►

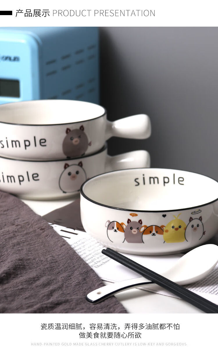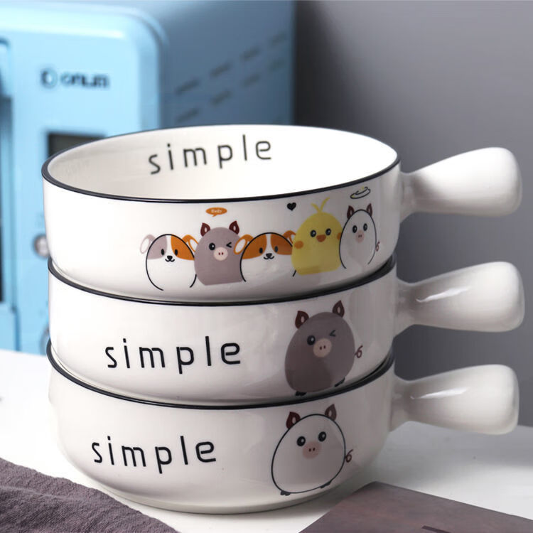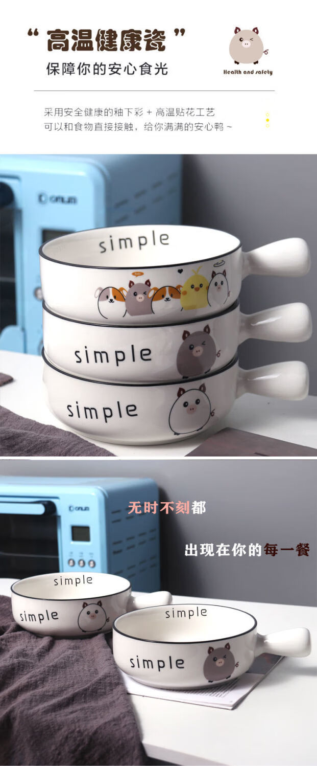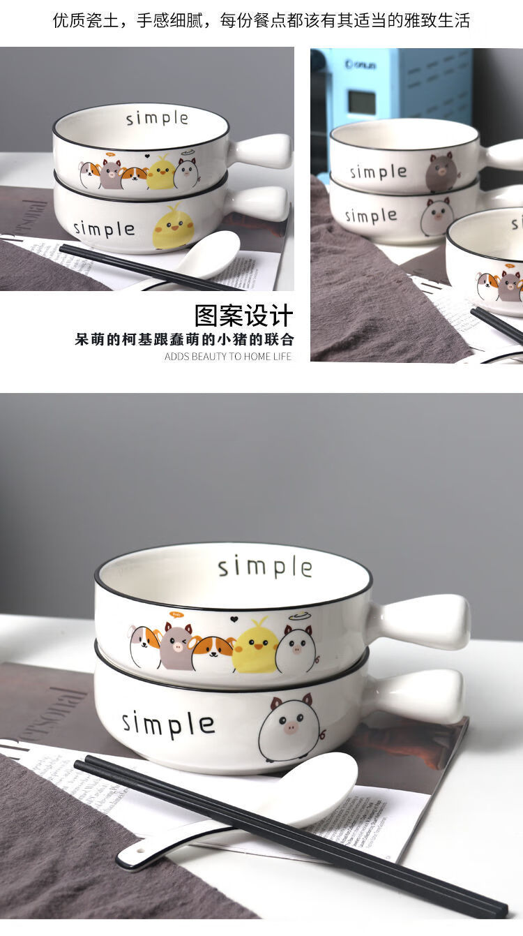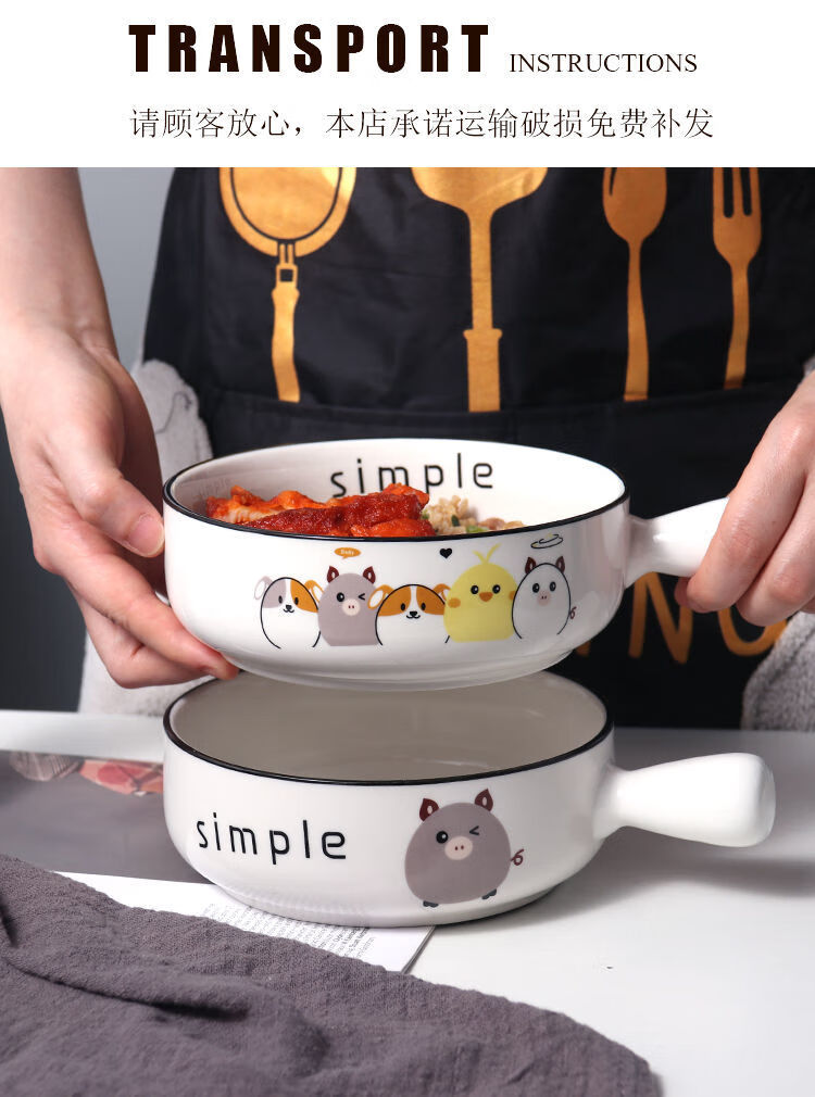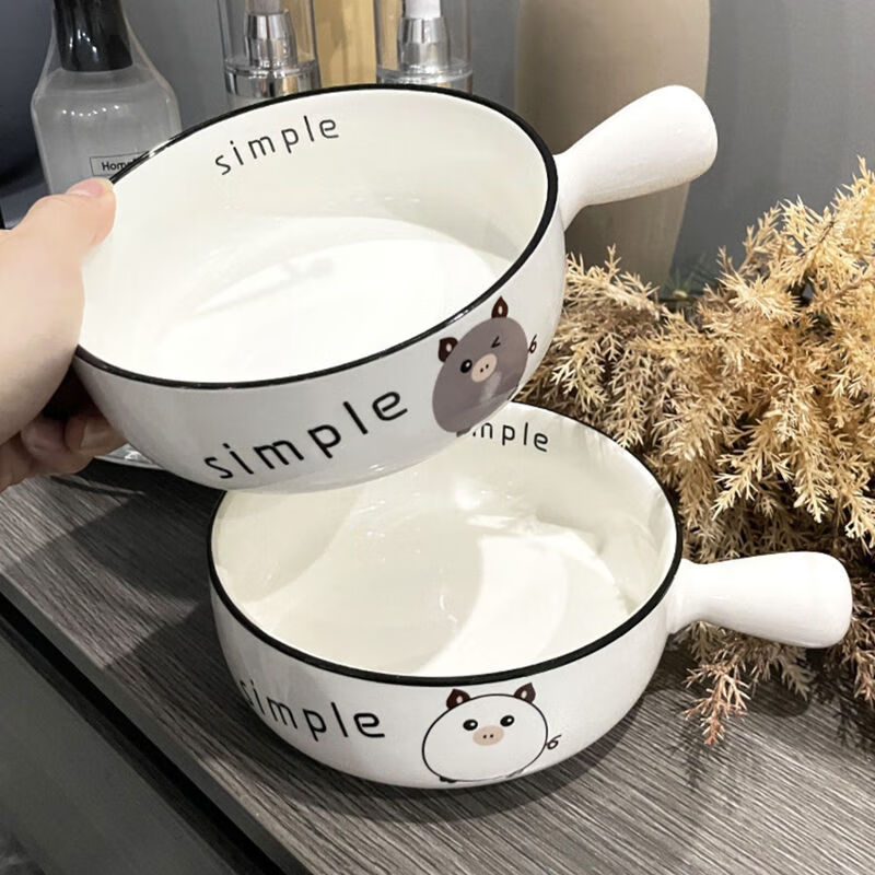 Enshousu Cartoon Cute Ceramic Noodle Bowl Handle Bowl Simple Creative Tableware Household Bowl Baked Breakfast Bowl Microwave Baked Rice Bowl Main Image (Choose One from Two)
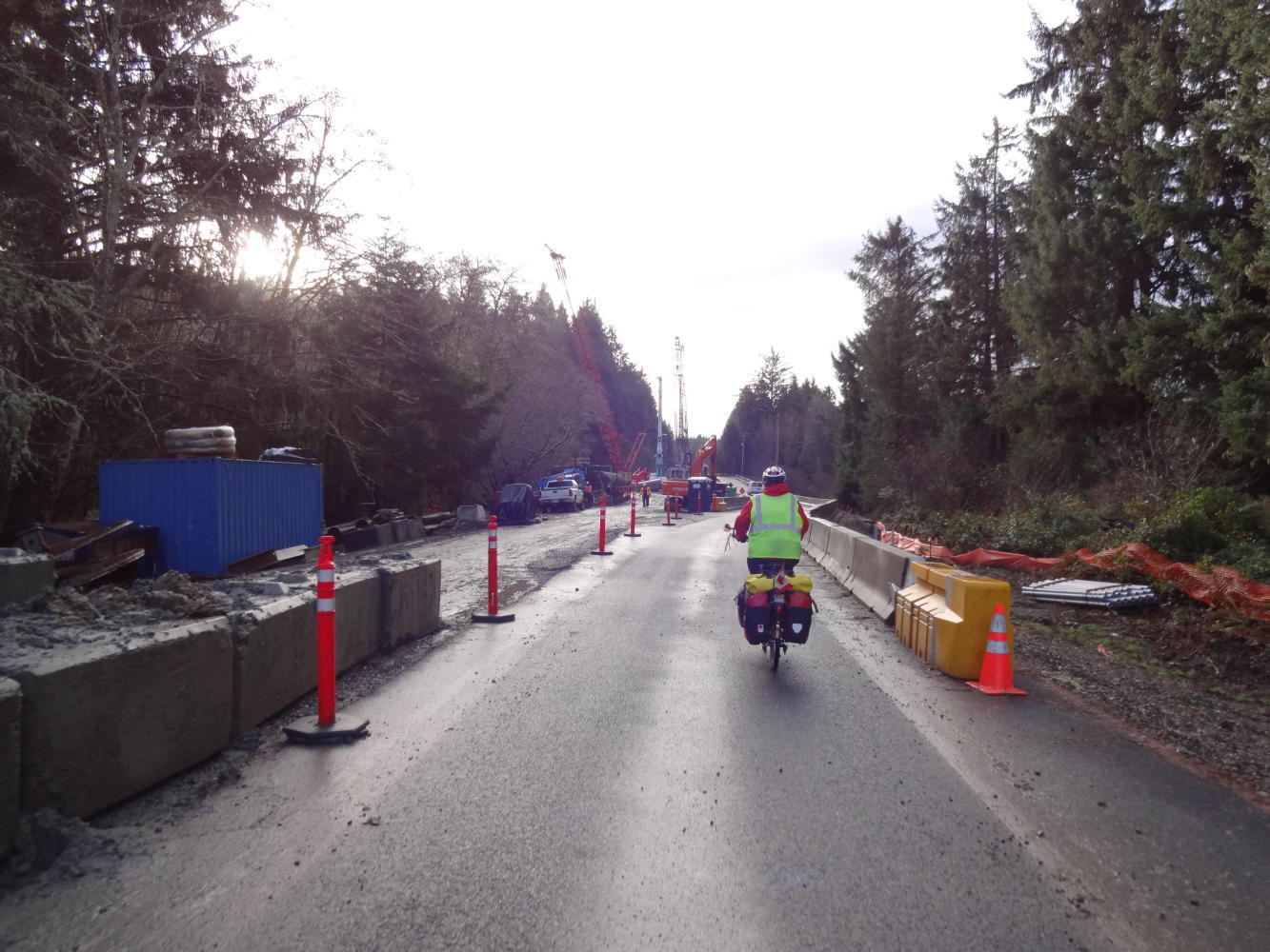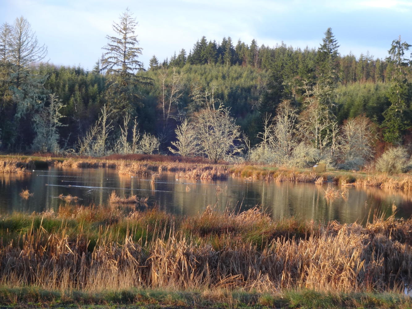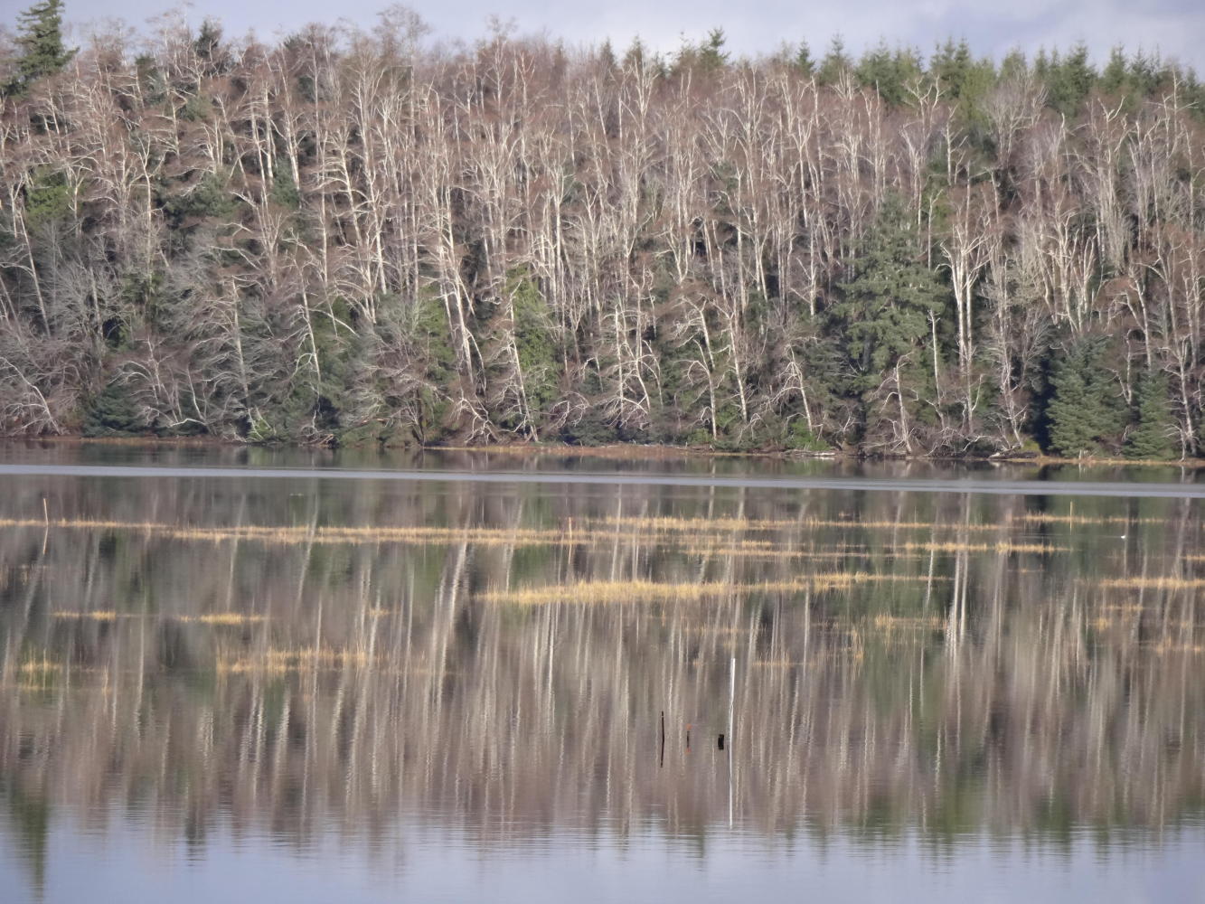 It turned out that today, at least, the finer points of damp glove management were not critical, because it basically neglected to rain. One effect of that was that we could effectively see, appreciate, and photograph the scenes on our ride beside mud flats, forest, and finally Willapa Bay, on the way down to Ilwaco. With the sun sort of out, the Winter light was interesting, and the ride became very enjoyable.
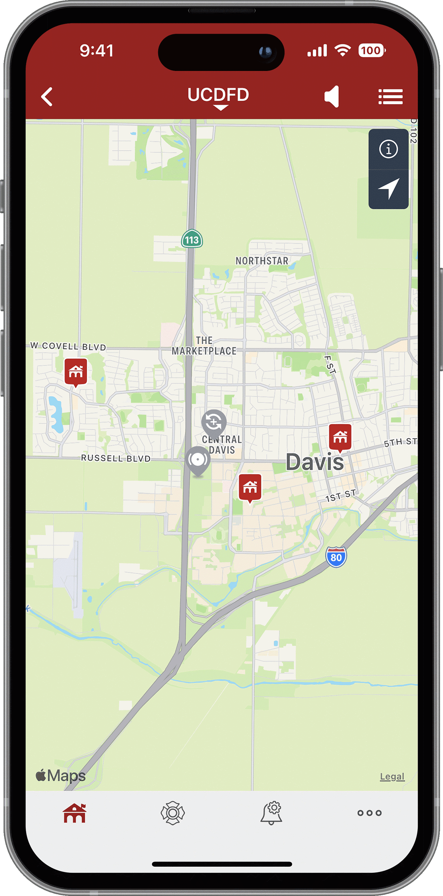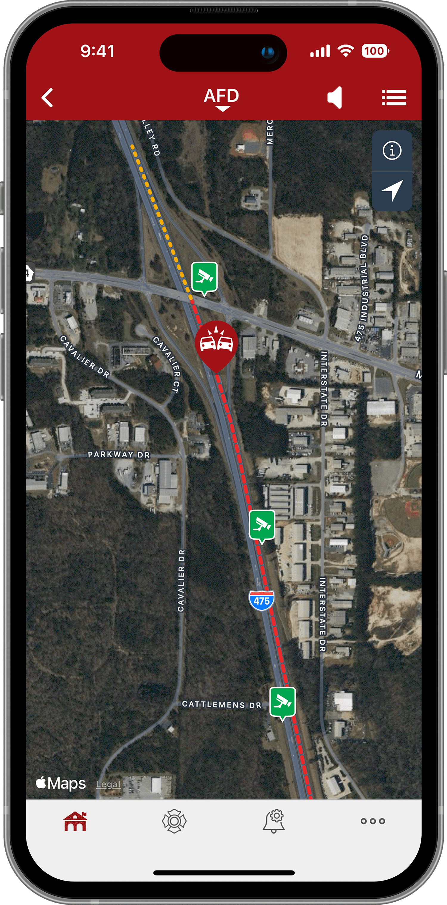Units are displayed on the map color-coded according to their current dispatch status. Tap the icon to display additional unit information. Subtle lines indicate which units are traveling to which incidents.
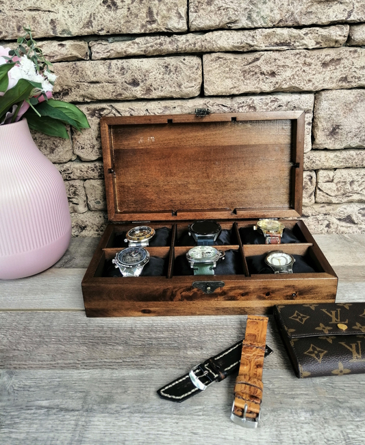 Wood Watch Box Handmade, Watch Organizer 4 Compartments, Birthday Husband Gift
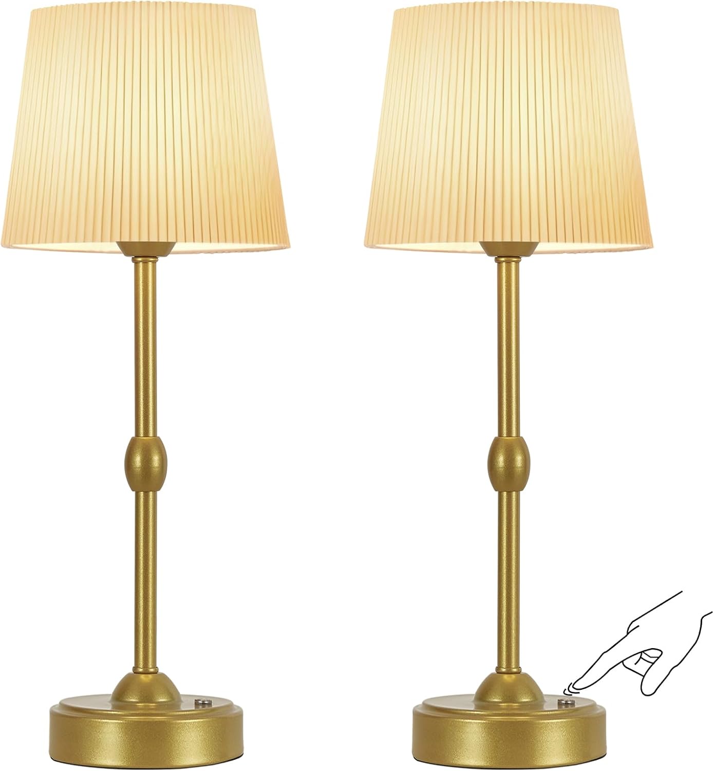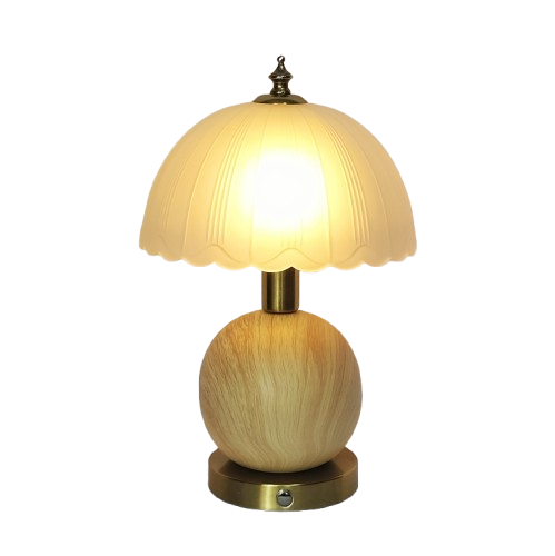Premium Indoor Rechargeable Battery Table LampsThis elegant table lamp features a metallic gold base and shade, it is a indoor lights,home lighting,LED lighting.offering triple color temperature with a tap and dimmable functionality via long press....
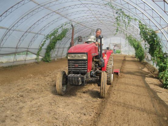 圖為25日拖拉機正在耕地和耱地。(賈金理 攝)
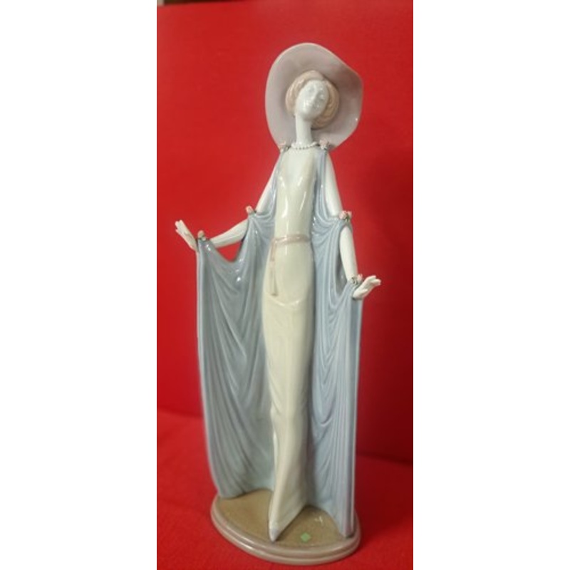 Porcelain figure from the Lladr company created in 1983 by Jos Puche. It was made from 1983 to 1998. Titled "Lady of Monte Carlo", it represents a delicate woman in a long dress and cape, carrying rosebuds and a wide hat. In soft ivory, blue and mauve tone
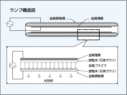 図4-83は円筒外部放射型のエキシマランプ(構造は後述)と誘電体バリア放電の概略を示したものである。2つの誘電体(石英ガラス)で空間を形成し、この空間に放電用ガスが充填される。2つの誘電体の外側(放電空間で無い側)に電極が配置され、電極間に高周波、高電圧が印加される。この電圧が放電破壊電圧に達すると、放電空間に放電が発生する。しかし、放電路に直列に誘電体が存在するために、誘電体表面に電荷が蓄積されると次の逆電圧が印加されるまで放電は終止してしまう(誘電体のバリア効果)。放電の寿命は数10n秒程度である。この放電プラズマがエキシマ生成の励起源として利用される。

◄

* Work to complete *
Each line from the one that holds "Porcelain figure from" through the final line of the data must be retyped exactly; the pictures must not appear.

* Solution to the problem *
 Porcelain figure from the Lladr company created in 1983 by Jos Puche. It was made from 1983 to 1998. Titled "Lady of Monte Carlo", it represents a delicate woman in a long dress and cape, carrying rosebuds and a wide hat. In soft ivory, blue and mauve tone
 図4-83は円筒外部放射型のエキシマランプ(構造は後述)と誘電体バリア放電の概略を示したものである。2つの誘電体(石英ガラス)で空間を形成し、この空間に放電用ガスが充填される。2つの誘電体の外側(放電空間で無い側)に電極が配置され、電極間に高周波、高電圧が印加される。この電圧が放電破壊電圧に達すると、放電空間に放電が発生する。しかし、放電路に直列に誘電体が存在するために、誘電体表面に電荷が蓄積されると次の逆電圧が印加されるまで放電は終止してしまう(誘電体のバリア効果)。放電の寿命は数10n秒程度である。この放電プラズマがエキシマ生成の励起源として利用される。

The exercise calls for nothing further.